When you transcribe the entries below, begin at their first line and stop after the line containing "Bases and ramps"; pictures stay out.

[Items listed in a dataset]
----------

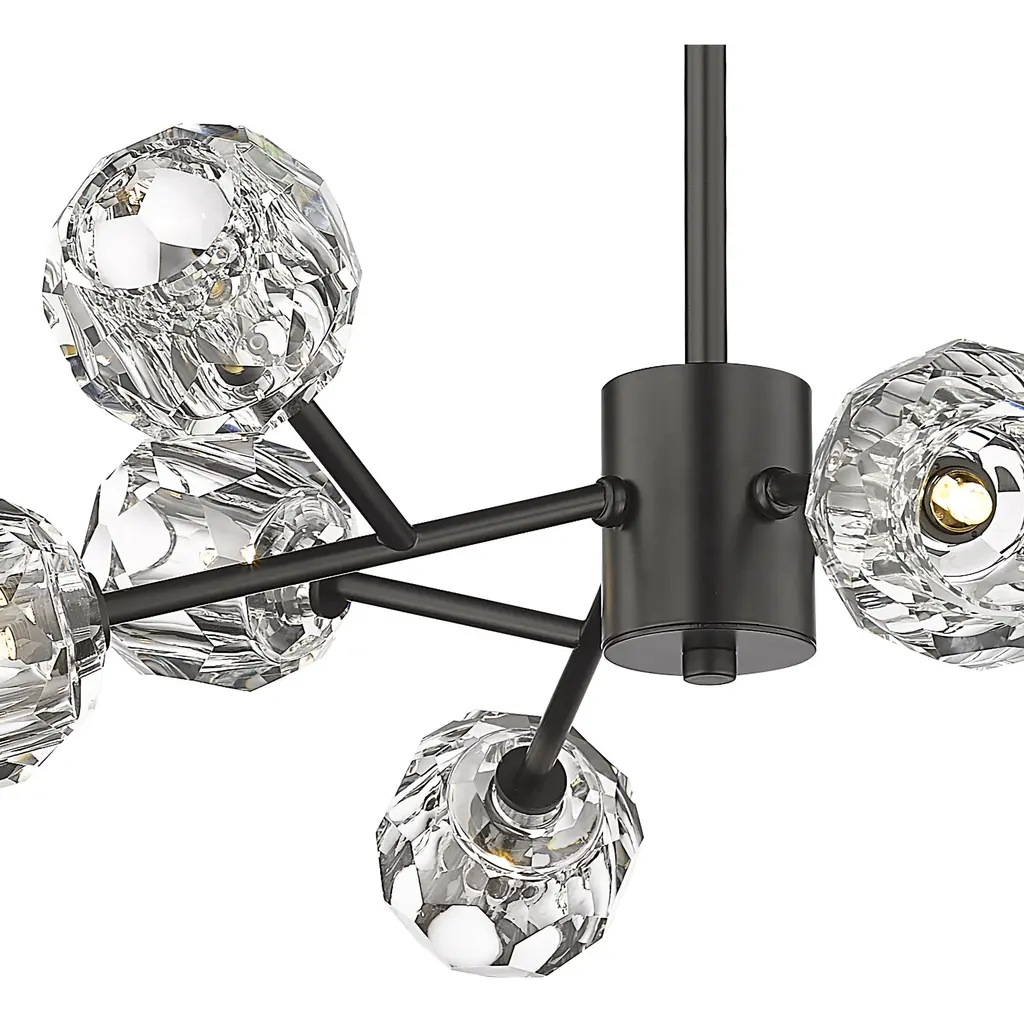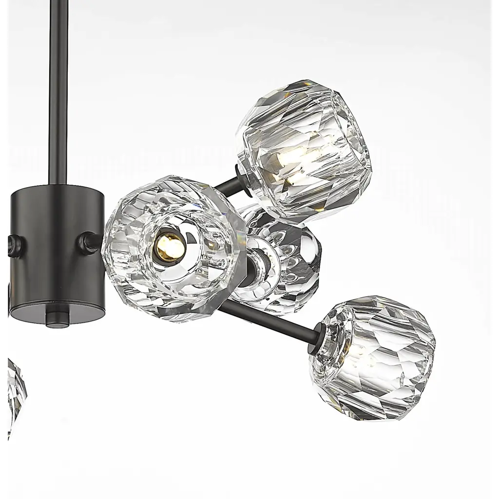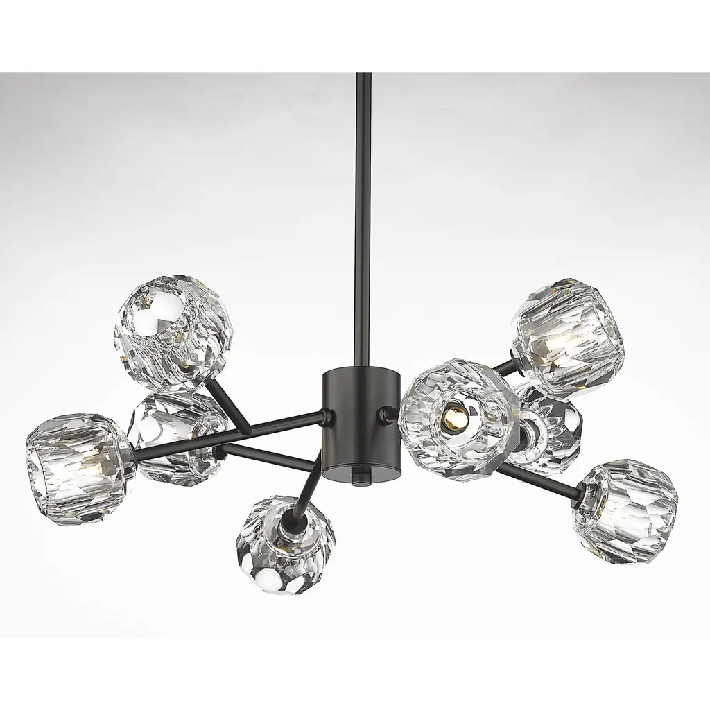 This contemporary chandelier is a stunning addition to any room, featuring a unique and eye-catching design that adds a touch of sophistication and elegance. The black frame provides a sleek and modern look, while the clear crystal shades add a touch of luxury and refinement. The light is designed to accommodate 8xG9 bulbs (Bulbs Not Included), each with a maximum wattage of 40W, allowing you to customize the light output to your preferences. Measuring 26 inches in diameter and 12 inches in height, this light is perfect for placing in a bedroom, living room, dinning room, or entryway.
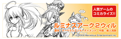 Fujimi Shobo's Comic Dragon Age magazine has launched a manga adaptation for the Luminous Arc 2 Will strategic simulation/role-playing game in its June issue, which went on sale on May 9 in Japan. Marvelous Interactive will ship the game itself for the Japanese Nintendo DS portable console on May 15, but no date has been announced for North America. Rakutomangan's manga and the game continue the storyline of the first Luminous Arc game that Atlus released in North America.
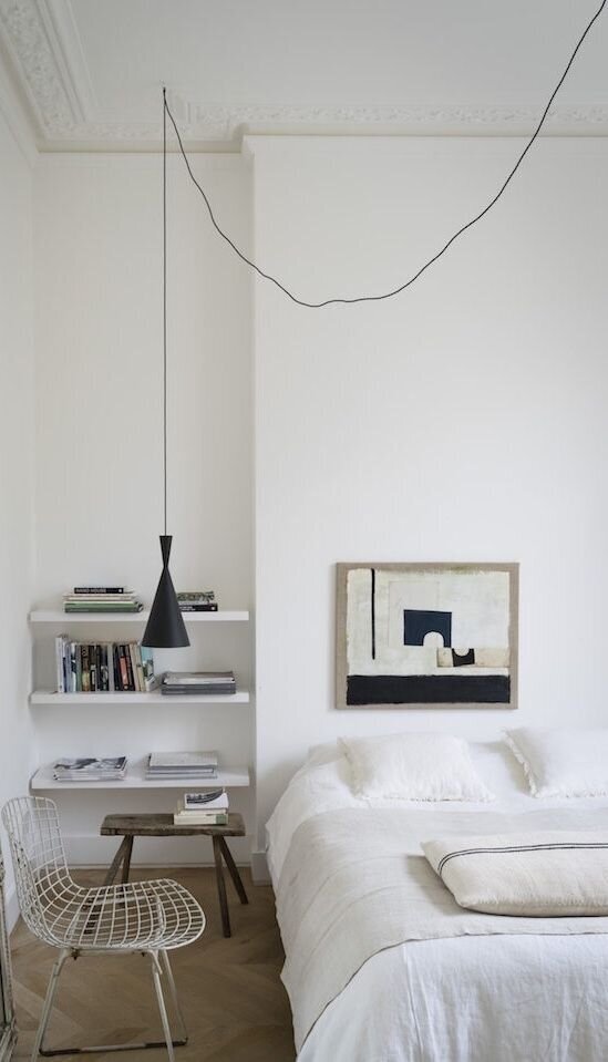 Lighting is often recessed or lightly integrated, with an emphasis on neutral tones and geometric shapes. Recessed and cove lights are seamlessly laid out to avoid notice. Frosted globe pendants create a soft glow and fade into the room. Whereas matte metal fixtures with matching shade and bases will bring a slight contrast to the room.
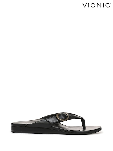 Negru - Vionic Extra lat Dillon lucioase Arch Support Toe Post Sandale
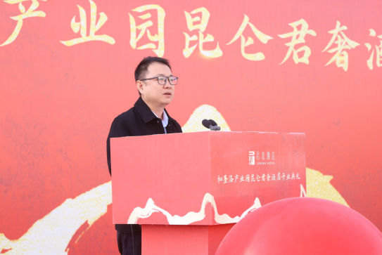 典礼伊始,新疆天创投资发展有限公司董事长方亮先生上台致辞。他表示,昆仑君奢酒店从规划到落成,始终紧扣兵团及师市 “提升城市功能、推动高质量发展” 要求;选择与逸柏合作,既源于其行业硬实力,更基于双方理念的高度契合。
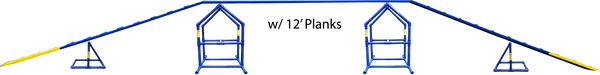 Bases and ramps are stand-alone products that are designed for the weight of a 12’ plank board and two 12’ plank board side ramps. Additional center support (350783) can be purchased separately. A center support will help with plank bounce. The assembled base is 46.5” tall so when adding the plank board with a depth of 1.5” your walk will be competition height of 48”.
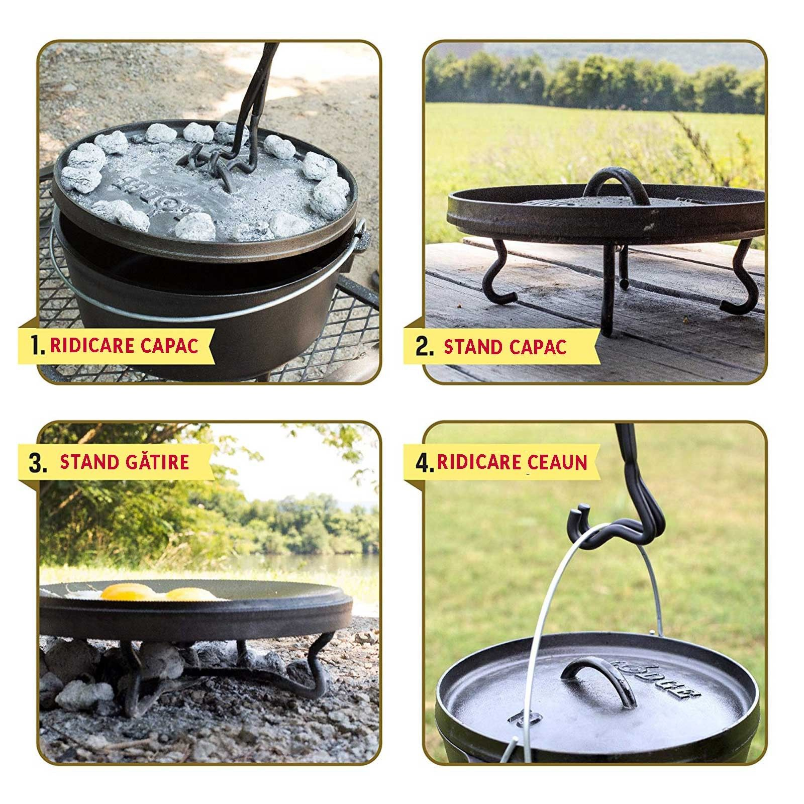 Unealta 4 in 1 este instrumentul multifunctional ideal pentru gatirea in stil camping. Va protejeaza mainile de expunerea la temperatura ridicata, va ajuta sa gatiti tinand ceaunul suspendat si va mareste suprafata de gatit. Poate fi utilizata ca suport pentru ceaun, ca sa ridicati capacul, ca suport pentru capac si ca sa ridicati ceaunul de maner.
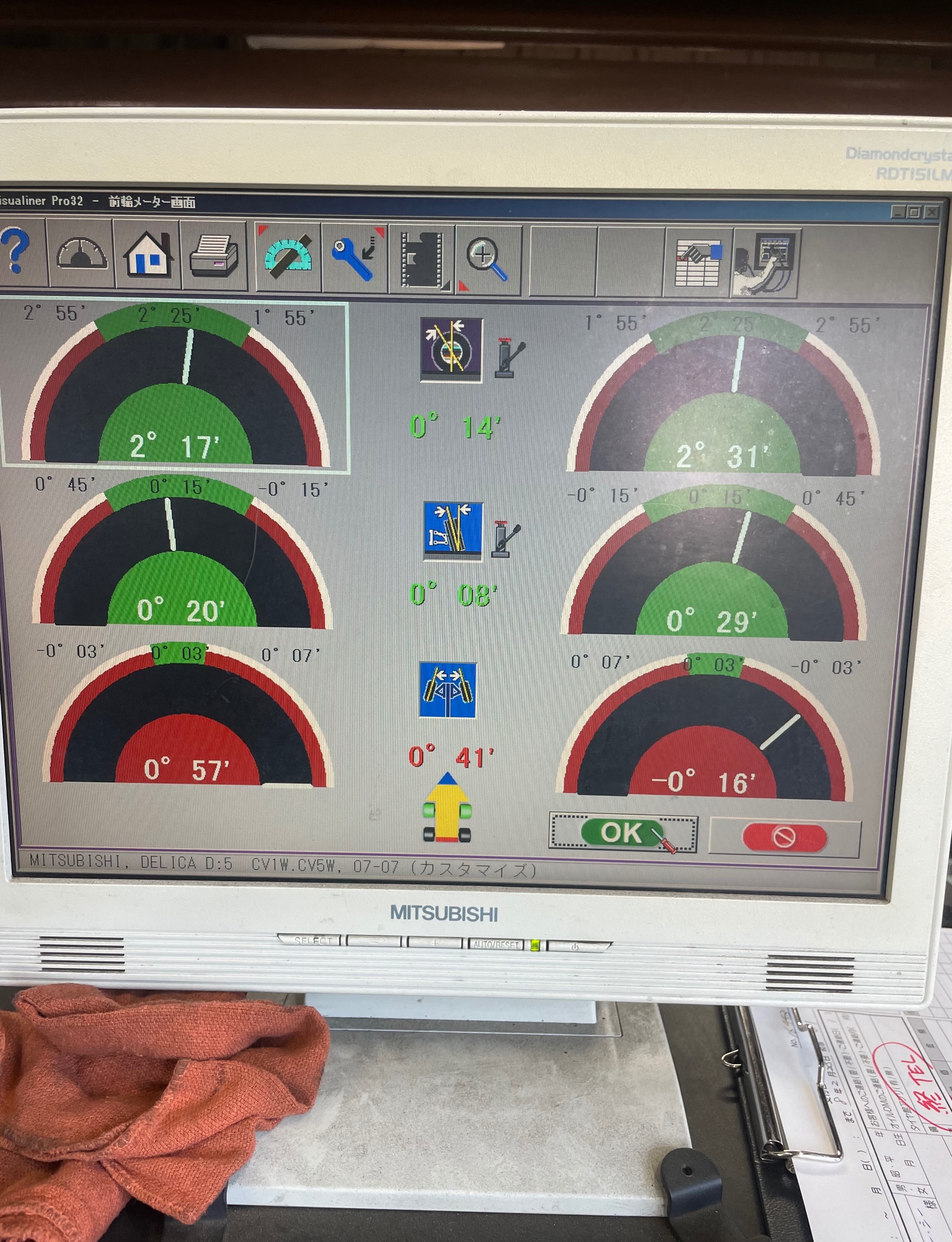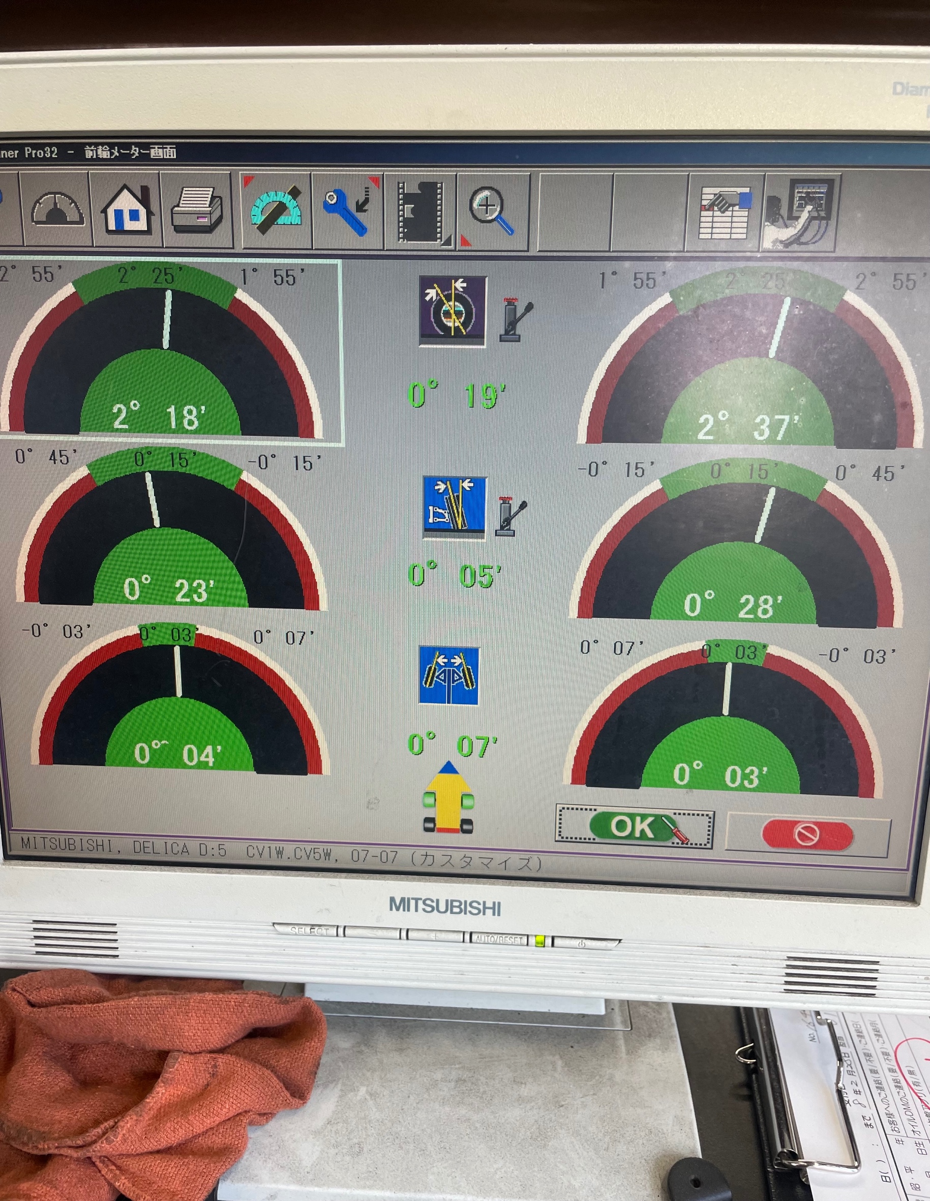 本日ご紹介するのは三菱 デリカのアライメント調整です!
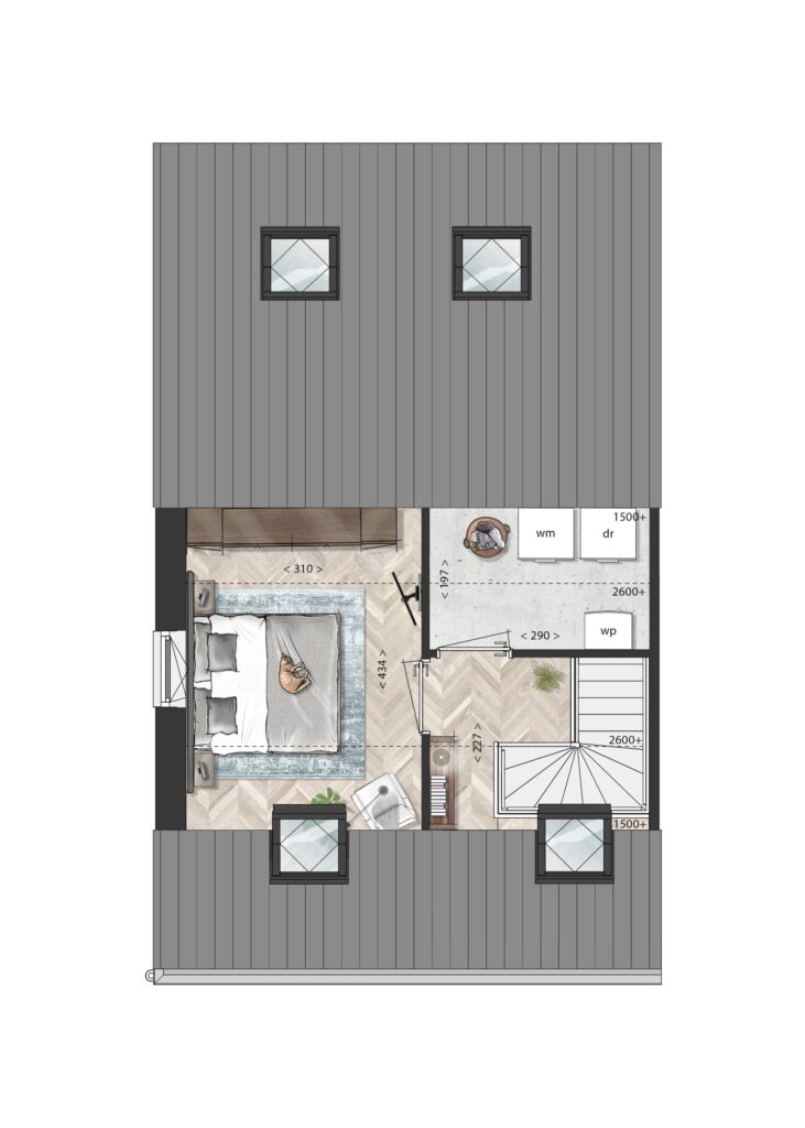 Op de eerste verdieping bevinden zich drie ruime slaapkamers en een luxe badkamer met inloopdouche, wastafel en toilet. De tweede verdieping is ingericht met een vierde slaapkamer en een praktische technische ruimte met aansluitingen voor wasapparatuur, waardoor alles netjes en overzichtelijk blijft.
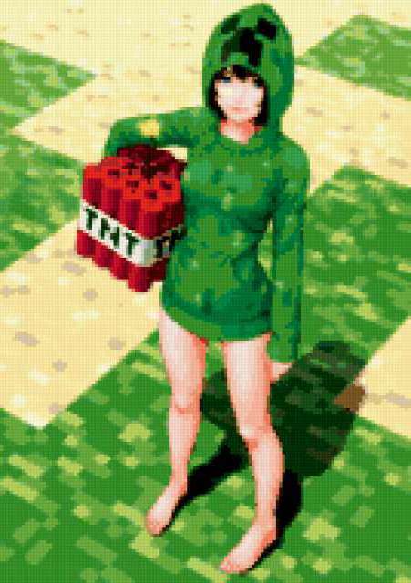 Ориентировочно так, схема вышивки «Minecraft», созданная автором PandaHeroo, будет выглядеть при отшиве на канве. Размер данной вышивки равен 134x190 крестов, при этом используется 51 цветов. К несчастью, автор не назначил для схемы ключевые слова. Также, вы можете взглянуть на оригинальную картинку, соответствующую данной схеме вышивки.
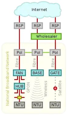 The National Broadband Network (NBN) is an Australian national wholesale open-access data network. It includes wired and radio communication components rolled out and operated by NBN Co, a government-owned corporation. Internet service providers, known under NBN as retail service providers or RSPs, contract with NBN to access the data network and sell fixed Internet access to end users.[1]

----------

### EXERCISE RESULT
 This contemporary chandelier is a stunning addition to any room, featuring a unique and eye-catching design that adds a touch of sophistication and elegance. The black frame provides a sleek and modern look, while the clear crystal shades add a touch of luxury and refinement. The light is designed to accommodate 8xG9 bulbs (Bulbs Not Included), each with a maximum wattage of 40W, allowing you to customize the light output to your preferences. Measuring 26 inches in diameter and 12 inches in height, this light is perfect for placing in a bedroom, living room, dinning room, or entryway.
 Fujimi Shobo's Comic Dragon Age magazine has launched a manga adaptation for the Luminous Arc 2 Will strategic simulation/role-playing game in its June issue, which went on sale on May 9 in Japan. Marvelous Interactive will ship the game itself for the Japanese Nintendo DS portable console on May 15, but no date has been announced for North America. Rakutomangan's manga and the game continue the storyline of the first Luminous Arc game that Atlus released in North America.
 Lighting is often recessed or lightly integrated, with an emphasis on neutral tones and geometric shapes. Recessed and cove lights are seamlessly laid out to avoid notice. Frosted globe pendants create a soft glow and fade into the room. Whereas matte metal fixtures with matching shade and bases will bring a slight contrast to the room.
 Negru - Vionic Extra lat Dillon lucioase Arch Support Toe Post Sandale
 典礼伊始,新疆天创投资发展有限公司董事长方亮先生上台致辞。他表示,昆仑君奢酒店从规划到落成,始终紧扣兵团及师市 “提升城市功能、推动高质量发展” 要求;选择与逸柏合作,既源于其行业硬实力,更基于双方理念的高度契合。
 Bases and ramps are stand-alone products that are designed for the weight of a 12’ plank board and two 12’ plank board side ramps. Additional center support (350783) can be purchased separately. A center support will help with plank bounce. The assembled base is 46.5” tall so when adding the plank board with a depth of 1.5” your walk will be competition height of 48”.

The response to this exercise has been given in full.